Thank you Purdiestness for emailing me all those links!

So, the sugar free, low carb blueberry muffins are done, and the sugarless strawberry pie (sugerless save for the strawberries themselves) is nearing completion. Now I'm doing the *real* blueberry muffins, and then I'll do a quick pumpkin pie, since we've got a half-dozen bags of frozen pumpkin languishing in the freezer.

This is fun.

Theognome


----------



## AThornquist (Apr 2, 2009)

Apple pie sweetened with condensed apple juice is really good as well.
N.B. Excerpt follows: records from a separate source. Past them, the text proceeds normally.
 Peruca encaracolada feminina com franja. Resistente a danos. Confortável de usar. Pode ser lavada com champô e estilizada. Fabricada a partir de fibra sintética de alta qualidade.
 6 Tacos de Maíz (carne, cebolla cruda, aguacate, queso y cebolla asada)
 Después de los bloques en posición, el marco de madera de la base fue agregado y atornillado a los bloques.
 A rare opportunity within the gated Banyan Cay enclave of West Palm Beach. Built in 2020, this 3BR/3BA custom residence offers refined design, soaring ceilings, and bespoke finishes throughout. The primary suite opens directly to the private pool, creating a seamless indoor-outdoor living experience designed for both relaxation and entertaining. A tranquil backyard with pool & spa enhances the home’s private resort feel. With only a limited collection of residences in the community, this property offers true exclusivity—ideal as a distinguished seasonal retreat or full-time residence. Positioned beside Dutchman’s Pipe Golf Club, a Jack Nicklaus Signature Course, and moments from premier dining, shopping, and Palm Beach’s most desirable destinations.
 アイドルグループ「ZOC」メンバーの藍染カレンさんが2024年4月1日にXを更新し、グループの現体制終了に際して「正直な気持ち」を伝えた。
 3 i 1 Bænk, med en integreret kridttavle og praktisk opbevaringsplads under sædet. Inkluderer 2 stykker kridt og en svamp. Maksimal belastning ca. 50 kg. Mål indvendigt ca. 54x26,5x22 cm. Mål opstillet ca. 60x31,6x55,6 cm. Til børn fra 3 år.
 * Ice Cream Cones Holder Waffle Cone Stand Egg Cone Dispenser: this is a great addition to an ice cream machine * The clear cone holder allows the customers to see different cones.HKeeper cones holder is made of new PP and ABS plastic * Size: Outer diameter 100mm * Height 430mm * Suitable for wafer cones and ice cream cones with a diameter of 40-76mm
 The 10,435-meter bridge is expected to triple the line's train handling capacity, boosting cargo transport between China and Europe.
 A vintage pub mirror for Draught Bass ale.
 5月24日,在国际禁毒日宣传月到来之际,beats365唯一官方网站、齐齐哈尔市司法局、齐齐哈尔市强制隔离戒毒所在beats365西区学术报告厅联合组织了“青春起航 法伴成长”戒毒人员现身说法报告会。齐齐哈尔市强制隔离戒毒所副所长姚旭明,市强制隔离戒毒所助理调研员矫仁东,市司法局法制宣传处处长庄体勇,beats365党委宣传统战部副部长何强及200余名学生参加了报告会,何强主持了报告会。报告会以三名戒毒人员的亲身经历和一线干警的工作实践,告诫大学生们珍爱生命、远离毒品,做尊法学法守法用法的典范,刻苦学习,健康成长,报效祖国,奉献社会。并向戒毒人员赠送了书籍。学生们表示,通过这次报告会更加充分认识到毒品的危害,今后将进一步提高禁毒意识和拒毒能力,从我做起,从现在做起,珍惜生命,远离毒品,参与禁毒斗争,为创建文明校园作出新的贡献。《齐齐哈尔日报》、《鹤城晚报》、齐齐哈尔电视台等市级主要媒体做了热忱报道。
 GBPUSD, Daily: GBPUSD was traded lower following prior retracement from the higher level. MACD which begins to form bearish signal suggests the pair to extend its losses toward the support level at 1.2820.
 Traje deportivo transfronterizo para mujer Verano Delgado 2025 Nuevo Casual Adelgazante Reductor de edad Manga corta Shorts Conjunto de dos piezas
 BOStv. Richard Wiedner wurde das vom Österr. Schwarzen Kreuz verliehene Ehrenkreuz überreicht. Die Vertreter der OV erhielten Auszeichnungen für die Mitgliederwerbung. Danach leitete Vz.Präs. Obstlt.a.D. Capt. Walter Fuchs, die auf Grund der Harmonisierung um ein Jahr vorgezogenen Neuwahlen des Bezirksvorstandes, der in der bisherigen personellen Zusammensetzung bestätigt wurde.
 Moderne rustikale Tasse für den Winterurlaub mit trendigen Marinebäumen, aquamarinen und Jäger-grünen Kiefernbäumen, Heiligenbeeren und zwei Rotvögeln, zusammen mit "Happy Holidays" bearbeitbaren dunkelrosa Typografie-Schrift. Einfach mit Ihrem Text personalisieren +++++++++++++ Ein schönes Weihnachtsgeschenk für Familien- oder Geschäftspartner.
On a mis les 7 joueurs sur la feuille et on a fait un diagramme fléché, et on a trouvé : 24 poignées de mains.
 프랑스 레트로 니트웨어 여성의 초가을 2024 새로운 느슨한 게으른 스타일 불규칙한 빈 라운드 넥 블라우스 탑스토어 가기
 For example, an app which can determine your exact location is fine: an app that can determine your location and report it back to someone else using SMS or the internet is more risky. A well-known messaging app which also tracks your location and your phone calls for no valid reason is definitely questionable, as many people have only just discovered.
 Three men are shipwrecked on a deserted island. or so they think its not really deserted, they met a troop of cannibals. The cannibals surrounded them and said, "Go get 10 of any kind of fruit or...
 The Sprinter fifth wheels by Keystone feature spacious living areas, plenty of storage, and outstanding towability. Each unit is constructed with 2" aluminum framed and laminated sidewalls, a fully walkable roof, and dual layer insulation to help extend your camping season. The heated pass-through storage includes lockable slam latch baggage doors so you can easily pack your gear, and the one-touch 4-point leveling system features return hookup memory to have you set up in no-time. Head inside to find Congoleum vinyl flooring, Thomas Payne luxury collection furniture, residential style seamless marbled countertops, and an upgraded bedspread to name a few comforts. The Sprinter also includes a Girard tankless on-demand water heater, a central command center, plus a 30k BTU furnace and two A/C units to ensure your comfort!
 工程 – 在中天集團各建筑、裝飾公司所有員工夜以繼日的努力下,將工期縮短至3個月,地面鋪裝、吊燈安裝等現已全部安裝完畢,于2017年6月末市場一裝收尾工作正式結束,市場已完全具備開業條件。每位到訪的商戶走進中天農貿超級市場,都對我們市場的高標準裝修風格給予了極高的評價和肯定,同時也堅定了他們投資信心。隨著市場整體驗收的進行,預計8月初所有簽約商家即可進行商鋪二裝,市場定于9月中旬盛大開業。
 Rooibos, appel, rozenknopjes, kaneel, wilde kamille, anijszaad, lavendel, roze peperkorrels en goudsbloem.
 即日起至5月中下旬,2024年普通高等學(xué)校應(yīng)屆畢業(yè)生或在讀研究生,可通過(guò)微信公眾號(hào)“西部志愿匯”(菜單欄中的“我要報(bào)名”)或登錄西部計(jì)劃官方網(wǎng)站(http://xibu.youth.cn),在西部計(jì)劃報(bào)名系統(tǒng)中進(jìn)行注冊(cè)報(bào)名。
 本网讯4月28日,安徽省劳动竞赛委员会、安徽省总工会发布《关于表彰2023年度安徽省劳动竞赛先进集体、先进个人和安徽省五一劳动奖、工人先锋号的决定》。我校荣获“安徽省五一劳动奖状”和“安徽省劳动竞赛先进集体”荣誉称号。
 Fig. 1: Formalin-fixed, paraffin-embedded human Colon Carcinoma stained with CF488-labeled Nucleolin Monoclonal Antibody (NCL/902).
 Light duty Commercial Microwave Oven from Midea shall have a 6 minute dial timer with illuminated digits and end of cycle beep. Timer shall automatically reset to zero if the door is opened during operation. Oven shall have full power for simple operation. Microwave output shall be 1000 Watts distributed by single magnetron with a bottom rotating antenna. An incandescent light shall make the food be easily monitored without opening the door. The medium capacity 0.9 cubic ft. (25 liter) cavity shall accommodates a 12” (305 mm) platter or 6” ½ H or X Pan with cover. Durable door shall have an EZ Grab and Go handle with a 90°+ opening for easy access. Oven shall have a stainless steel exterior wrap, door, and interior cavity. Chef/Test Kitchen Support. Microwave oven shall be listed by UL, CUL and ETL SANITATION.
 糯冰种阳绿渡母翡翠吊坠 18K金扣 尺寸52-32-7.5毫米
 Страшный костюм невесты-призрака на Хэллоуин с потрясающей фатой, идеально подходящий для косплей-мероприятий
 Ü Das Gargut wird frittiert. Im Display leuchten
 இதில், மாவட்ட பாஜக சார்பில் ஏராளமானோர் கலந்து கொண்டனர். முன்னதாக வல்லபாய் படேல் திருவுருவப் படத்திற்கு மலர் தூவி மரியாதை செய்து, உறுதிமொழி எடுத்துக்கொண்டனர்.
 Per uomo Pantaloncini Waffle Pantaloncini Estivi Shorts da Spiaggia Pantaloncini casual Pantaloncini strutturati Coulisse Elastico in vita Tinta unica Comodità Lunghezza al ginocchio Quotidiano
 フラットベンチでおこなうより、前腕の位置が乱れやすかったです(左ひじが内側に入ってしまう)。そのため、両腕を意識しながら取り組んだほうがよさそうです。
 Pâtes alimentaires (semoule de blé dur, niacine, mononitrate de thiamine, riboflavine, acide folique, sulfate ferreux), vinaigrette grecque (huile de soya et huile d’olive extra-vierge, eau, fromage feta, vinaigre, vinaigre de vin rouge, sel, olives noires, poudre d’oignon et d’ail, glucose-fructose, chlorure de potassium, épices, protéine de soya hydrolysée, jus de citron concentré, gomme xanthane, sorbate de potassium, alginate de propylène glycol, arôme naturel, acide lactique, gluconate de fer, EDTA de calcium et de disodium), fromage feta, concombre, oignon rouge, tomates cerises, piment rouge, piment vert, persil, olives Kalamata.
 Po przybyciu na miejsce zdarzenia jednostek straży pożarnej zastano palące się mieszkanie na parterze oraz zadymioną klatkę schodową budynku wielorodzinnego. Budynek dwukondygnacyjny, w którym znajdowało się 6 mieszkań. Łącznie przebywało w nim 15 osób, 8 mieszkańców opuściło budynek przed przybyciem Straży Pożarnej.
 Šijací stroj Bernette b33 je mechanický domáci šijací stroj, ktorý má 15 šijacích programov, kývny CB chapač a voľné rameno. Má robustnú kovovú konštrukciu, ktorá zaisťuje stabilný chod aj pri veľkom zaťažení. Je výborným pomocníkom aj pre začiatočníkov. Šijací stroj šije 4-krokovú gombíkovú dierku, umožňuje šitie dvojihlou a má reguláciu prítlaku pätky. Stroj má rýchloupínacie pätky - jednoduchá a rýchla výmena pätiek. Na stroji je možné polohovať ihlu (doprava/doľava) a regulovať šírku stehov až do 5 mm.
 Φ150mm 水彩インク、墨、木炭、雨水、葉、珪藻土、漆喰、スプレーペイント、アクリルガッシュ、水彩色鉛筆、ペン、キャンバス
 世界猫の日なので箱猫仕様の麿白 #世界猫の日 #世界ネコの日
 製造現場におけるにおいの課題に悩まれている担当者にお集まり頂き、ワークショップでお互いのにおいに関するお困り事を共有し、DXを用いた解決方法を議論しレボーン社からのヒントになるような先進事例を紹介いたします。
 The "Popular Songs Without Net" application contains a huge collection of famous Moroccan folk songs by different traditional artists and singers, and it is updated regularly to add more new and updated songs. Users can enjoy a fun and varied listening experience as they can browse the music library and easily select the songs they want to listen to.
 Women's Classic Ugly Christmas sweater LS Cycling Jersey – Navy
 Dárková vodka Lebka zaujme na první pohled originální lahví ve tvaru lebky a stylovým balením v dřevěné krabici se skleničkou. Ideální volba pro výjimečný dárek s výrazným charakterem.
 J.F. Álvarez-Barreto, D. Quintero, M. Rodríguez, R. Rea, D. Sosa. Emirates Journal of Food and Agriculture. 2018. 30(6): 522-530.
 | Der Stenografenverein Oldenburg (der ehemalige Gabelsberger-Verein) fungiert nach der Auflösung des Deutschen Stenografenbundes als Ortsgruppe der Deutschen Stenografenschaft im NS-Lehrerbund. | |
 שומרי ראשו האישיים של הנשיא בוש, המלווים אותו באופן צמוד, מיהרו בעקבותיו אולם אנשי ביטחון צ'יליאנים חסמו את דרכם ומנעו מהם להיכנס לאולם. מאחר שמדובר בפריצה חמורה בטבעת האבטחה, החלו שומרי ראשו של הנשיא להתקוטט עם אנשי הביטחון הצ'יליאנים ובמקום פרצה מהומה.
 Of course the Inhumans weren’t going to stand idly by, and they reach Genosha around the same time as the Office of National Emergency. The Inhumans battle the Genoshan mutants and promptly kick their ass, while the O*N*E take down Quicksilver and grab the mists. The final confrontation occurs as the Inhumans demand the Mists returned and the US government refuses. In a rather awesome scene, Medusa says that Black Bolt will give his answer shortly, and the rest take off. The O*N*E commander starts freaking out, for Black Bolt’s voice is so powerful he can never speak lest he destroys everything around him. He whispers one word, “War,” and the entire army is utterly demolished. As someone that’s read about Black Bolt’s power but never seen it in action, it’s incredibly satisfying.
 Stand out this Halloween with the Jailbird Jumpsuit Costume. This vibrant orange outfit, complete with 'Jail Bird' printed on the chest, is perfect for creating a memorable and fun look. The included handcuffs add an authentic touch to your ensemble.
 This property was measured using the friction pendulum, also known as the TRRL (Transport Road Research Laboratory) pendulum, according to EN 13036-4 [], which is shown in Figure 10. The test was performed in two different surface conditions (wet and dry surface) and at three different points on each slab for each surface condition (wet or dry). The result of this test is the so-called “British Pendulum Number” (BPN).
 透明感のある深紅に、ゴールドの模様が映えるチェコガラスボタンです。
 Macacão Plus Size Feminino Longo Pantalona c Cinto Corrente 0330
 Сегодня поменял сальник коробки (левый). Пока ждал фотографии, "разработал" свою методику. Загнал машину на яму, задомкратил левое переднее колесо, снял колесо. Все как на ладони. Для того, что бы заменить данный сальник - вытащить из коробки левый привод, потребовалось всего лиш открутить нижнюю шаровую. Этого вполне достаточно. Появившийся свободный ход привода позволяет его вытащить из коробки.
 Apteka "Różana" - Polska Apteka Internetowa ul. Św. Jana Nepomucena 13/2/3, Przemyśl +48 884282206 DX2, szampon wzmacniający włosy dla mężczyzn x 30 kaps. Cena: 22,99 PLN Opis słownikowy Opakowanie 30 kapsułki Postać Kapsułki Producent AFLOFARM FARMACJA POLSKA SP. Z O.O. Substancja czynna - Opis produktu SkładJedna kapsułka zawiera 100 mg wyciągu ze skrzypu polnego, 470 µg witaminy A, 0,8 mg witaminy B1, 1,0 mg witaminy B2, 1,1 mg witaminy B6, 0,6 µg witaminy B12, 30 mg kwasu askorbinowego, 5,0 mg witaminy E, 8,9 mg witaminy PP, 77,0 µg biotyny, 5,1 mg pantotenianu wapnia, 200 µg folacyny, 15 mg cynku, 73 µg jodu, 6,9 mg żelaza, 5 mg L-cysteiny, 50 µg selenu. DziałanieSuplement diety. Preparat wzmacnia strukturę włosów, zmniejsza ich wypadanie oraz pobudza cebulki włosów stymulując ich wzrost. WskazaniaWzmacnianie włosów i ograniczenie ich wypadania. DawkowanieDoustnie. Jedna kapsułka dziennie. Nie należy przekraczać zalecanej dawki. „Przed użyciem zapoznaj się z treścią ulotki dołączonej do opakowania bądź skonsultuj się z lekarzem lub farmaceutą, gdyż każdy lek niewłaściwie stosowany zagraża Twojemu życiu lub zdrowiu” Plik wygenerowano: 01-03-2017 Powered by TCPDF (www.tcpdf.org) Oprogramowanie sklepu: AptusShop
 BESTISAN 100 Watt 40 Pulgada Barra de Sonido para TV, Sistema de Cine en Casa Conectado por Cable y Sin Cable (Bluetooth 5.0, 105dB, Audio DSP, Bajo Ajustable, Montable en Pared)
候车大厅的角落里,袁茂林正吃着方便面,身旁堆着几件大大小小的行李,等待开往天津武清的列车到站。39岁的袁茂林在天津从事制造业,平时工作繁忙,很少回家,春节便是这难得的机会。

It is one of the only pies my diabetic step-dad can eat but he doesn't mind since it is so good!


----------



## VictorBravo (Apr 2, 2009)

Believe it or not, black bean brownies are pretty good.

Cut the sugar in half or use a sugar substitute. A lot of diabetics are more reactive to carbohydrates than sucrose. I know that these don't spike blood glucose nearly as much as a plain piece of bread.


----------



## AThornquist (Apr 2, 2009)

Hmm I would have never thought of using black beans instead of flour. Now that is a recipe I want to try!


----------



## Theognome (Apr 2, 2009)

Thanks for the suggestions, guys, but I needed them five hours ago (no worries). If this comes up again, the black bean brownies look very promising...

Theognome


----------